Порой автора едва ли не отождествляют с героем, считая, что Моцарт персонифицирует его «идеал»[22]. В подобной парадигме проблема решается не вполне корректно, переводится в психолого-социальный, биографо-персоналистический план, тогда как должна рассматриваться, как у автора, на уровне онтолого-антропологическом. При характерологическом сходстве автора и героя об их идеологическом тождестве не может быть и речи. Ведь перед нами — не романтическое произведение, и герой — не рупор идей автора, а «самостоятельная» личность. Автор как бы изживает в герое себя прежнего: он — «вчерашний» герой собственного произведения. Он — ведущий, а его герой — ведомый, но по собственной свободной воле, а не по воле автора. «Сближение» автора с героями правомерно, если их отношения рассматривать в динамике, в «диалоге», и некорректно — без учета разноплановости фигур и в их статике. Так Сальери — судья-инквизитор, «как бы» олицетворяет Рок. Но разве автор отождествим с ним, и разве один признак все определяет? Тогда аксиология сводится к Сальериеву потребительски оценивающему ригоризму. Автор выступает «свидетелем» (по греч. истор; олицетворение «гласа народа — гласа Божиего», заместившего хор масок) при Истце и обоих ответчиках. Моцарт 1-й сцены олицетворяет художника в его «детски» образцовом виде, проекцию «идеальных» интенций в земное пространство, т.е. как романтическую модель поэта. Он «близок» автору, как близок ему Дон Гуан, Барон, Вальсингам. Но разве мы идеологически отождествляем автора с этими героями?

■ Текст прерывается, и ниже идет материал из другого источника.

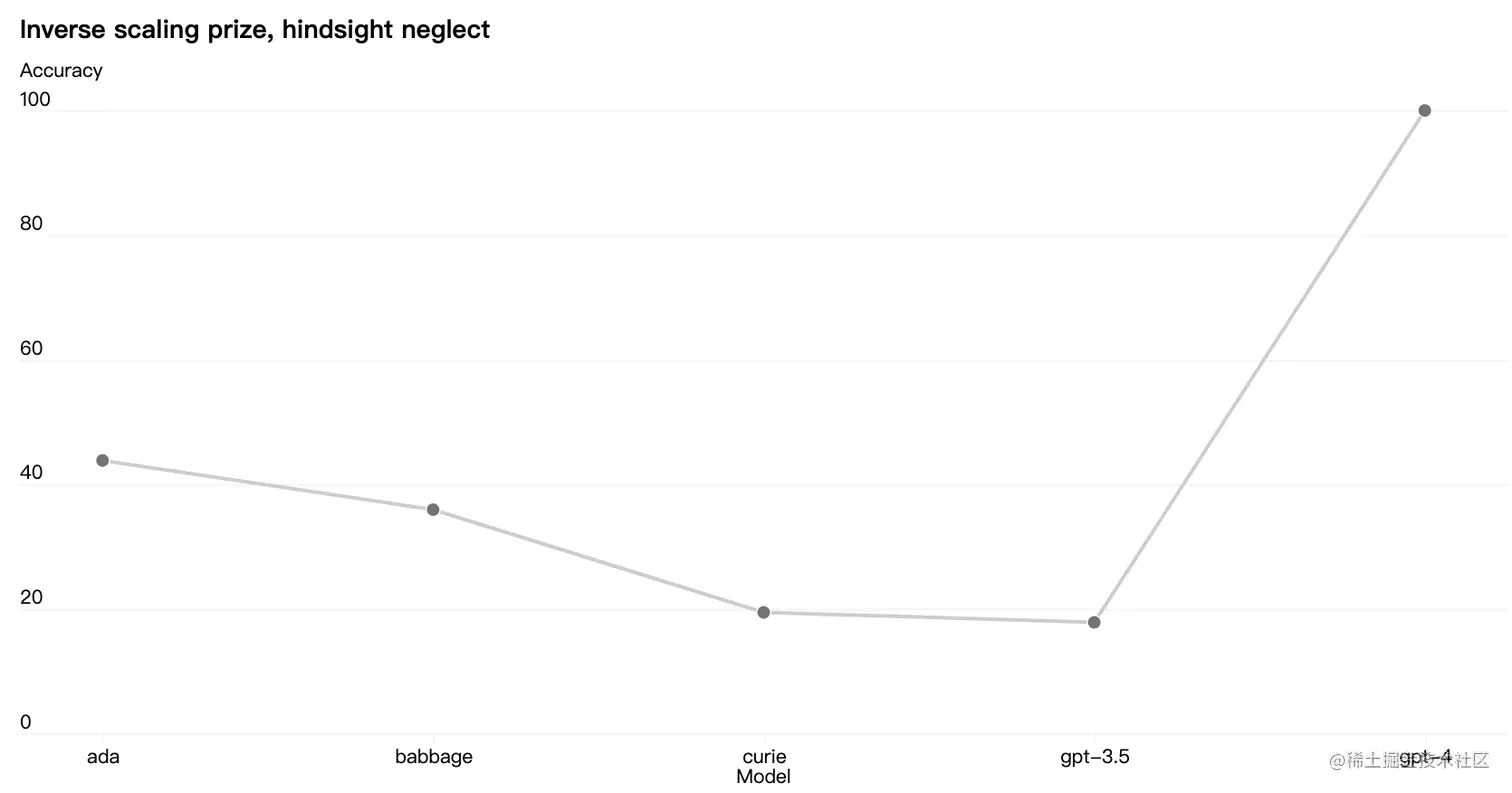 有些能力难以预测,例如Inverse Scaling Prize 是一项竞赛,目标是寻找一个随着模型计算量的增加而变得更糟的指标,hindsight neglect 任务是赢家之一,这个任务此任务测试语言模型是否能够根据预期值评估赌注是否值得。例如

Нет! Почему? В силу их «отрицательности»? Вряд ли, иначе аксиология сводится к шельмованию. Причина глубже. Сама природа творчества компенсаторна, «катарсична», потому всякая «идеальность» героя неполна, в ней идеальное динамично, а не статично соседствует с повреждением. И нелепо видеть в героях даже раннего Пушкина лишь олицетворения достоинств или пороков. Уже в южных поэмах он далеко ушел от наивно просветительской поэтики. Но столь же некорректно навязывать автору и героям имморализм, эстетический или интеллектуальный. Моцарт в своем «неведеньи» как бы пребывает вне мира. Это не имморализм, а наивность, состояние шаткое, ибо он страстен. Автор же в сравнении с героем — «всеведущ», «знает добро и зло». Их отношения ценностно подвижны, располагаются не в линейно-одномерном, а в многомерном пространстве.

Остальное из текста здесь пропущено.